Another one who was good in the role is Jennifer Larmore on her Harmonia recording with Rene Jacobs, she sounds convincing. So does Janet Baker. I guess it all depends who the mezzo is who can bring it off.

Really gotta kick it this time! Bye guys, until next month!

Ben Mullins wrote (August 10, 2000): 18:32
(To Robert Sherman) A male soprano? As in a castrato? I didn't know they still made those! This puts me in mind of the anecdote where Stravinsky (I think it was Stravinsky) was asked by the pope what the Catholic Church could do for music, to which Igor replied: "Give us back castratos!"

Matthew Westphal wrote (August 11, 2000): 4:05
< Robert Sherman wrote: I also have a lot of difficulty relating to altos -- male or female -- doing heroic male roles, as is commonly done with Händel's Julius Caesar. The height of disconnect was a performance of that opera I saw recently in which Ptolemy, a lecherous playboy, is trying to put the moves on Julia, a virtuous woman. Julia was an alto but Ptolemy was a male soprano. Weird! And Caesar himself was played by a female alto who had learned well how to walk and move like a strong athletic man -- but why not go all the way and use a bass-baritone? Terfel would be perfectly suited to the role. >
Why not go all the way and use a studious-looking, high-strung young tenor as the Composer in Ariadne auf Naxos? Bostridge would be perfectly suited to the role.

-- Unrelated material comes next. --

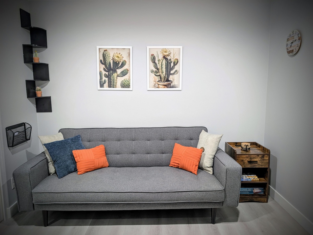 Escape to our tranquil Guest Quarters retreat, nestled in the serene rural surroundings of Jurupa Valley. With its own private entrance and seamless self check-in, this peaceful retreat offers a large, completely private, lush outdoor patio space, with a shared pool/backyard space. The estate is situated on a secluded cul-de-sac 10 minutes from Ontario Int. Airport, UCR, and CBU, with easy freeway access. In-N-Out Burger, Raising Cane's, Chipotle, & Aldi’s Grocery walking distance away! 🏳️🌈

Why not? For the same reason, I should think, that we don't go all the way and cast randy young tenors or baritones as Cherubino and Octavian.

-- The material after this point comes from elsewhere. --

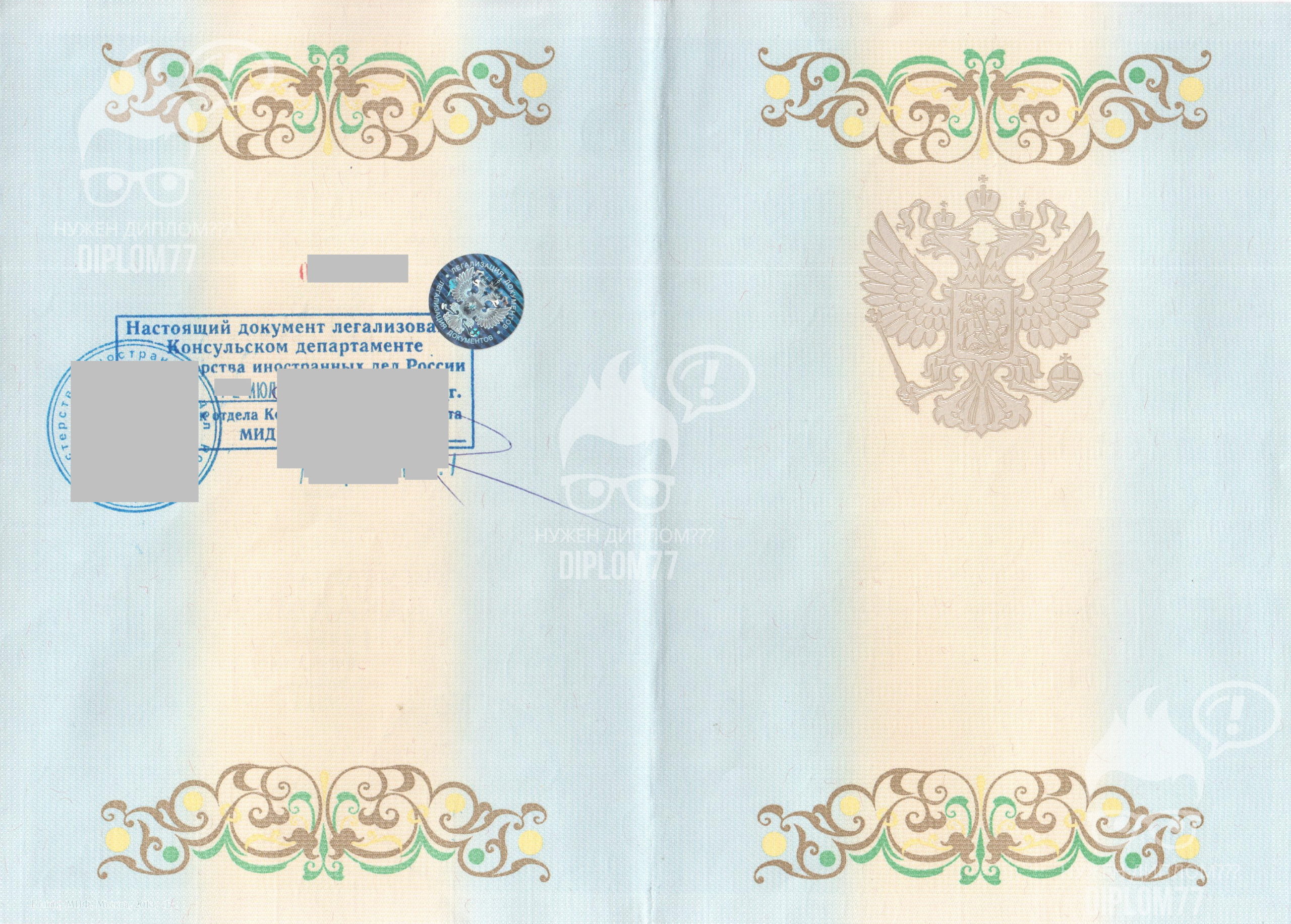 Посмотрите как выглядел диплом в те годы. Бланк показываю который шел с 2011 года, но диплом был выдан в 2013 году, когда уже новые бланки появились с большими приложениями. Диплом был легализован в МИД РФ — можете не обращать на это внимание. Это требование к дипломам выезжающим за пределы Российской Федерации для использования за рубежом. Интересен именно сам бланк и его заполнение.

< I recognize that none of the above is politically correct, and probably historically incorrect as well. So be it. >
Careful, Bob. My friends in the Thought Police will deport you to re-education camp and force you to take seminars in Gender Studies.

Robert Sherman wrote (August 11, 2000): 14:37
< Matthew Westphal wrote: Why not go all the way and use a studious-looking, high-strung young tenor as the Composer in Ariadne auf Naxos? Bostridge would be perfectly suited to the role.
Why not? For the same reason, I should think, that we don't go all the way and cast randy young tenors or baritones as Cherubino and Octavian. >
And that reason is?

Galina Kolomietz wrote (August 11, 2000):
(To Robert Sherman) *** And that reason is, IMHO: fidelity to the music and rejection of stereotypes. If a stereotype is that important (a fat woman as a heroic Cesare - Oh, horror!), then why don't let them lip-synch? Some fat and ugly thing would be singing behind the curtain, and a hunky lad would be lip-synching up on the stage - a perfect composite Giulio Cesare. I'm sure the likes of Britney Spears could provide valuable advice on how to lip-synch.


Counter-tenor repertoire

Elly Compton
wrote (February 2, 2001):
My lovely counter-tenor fiance, Nick, has got a recital on 4th March. It's just a little one for the college music society, but the standard is surprisingly high and it will only be his second time of singing counter-tenor in public (he only realised that he is a counter-tenor rather than a tenor with a loud falsetto about 9 months ago, and still sings tenor in our chapel choir). He's asked me to help him find repertoire, and as well as making my own suggestions (particularly Schubert Lieder, as David Daniels does!) I was wondering if anyone here could offer some suggestions?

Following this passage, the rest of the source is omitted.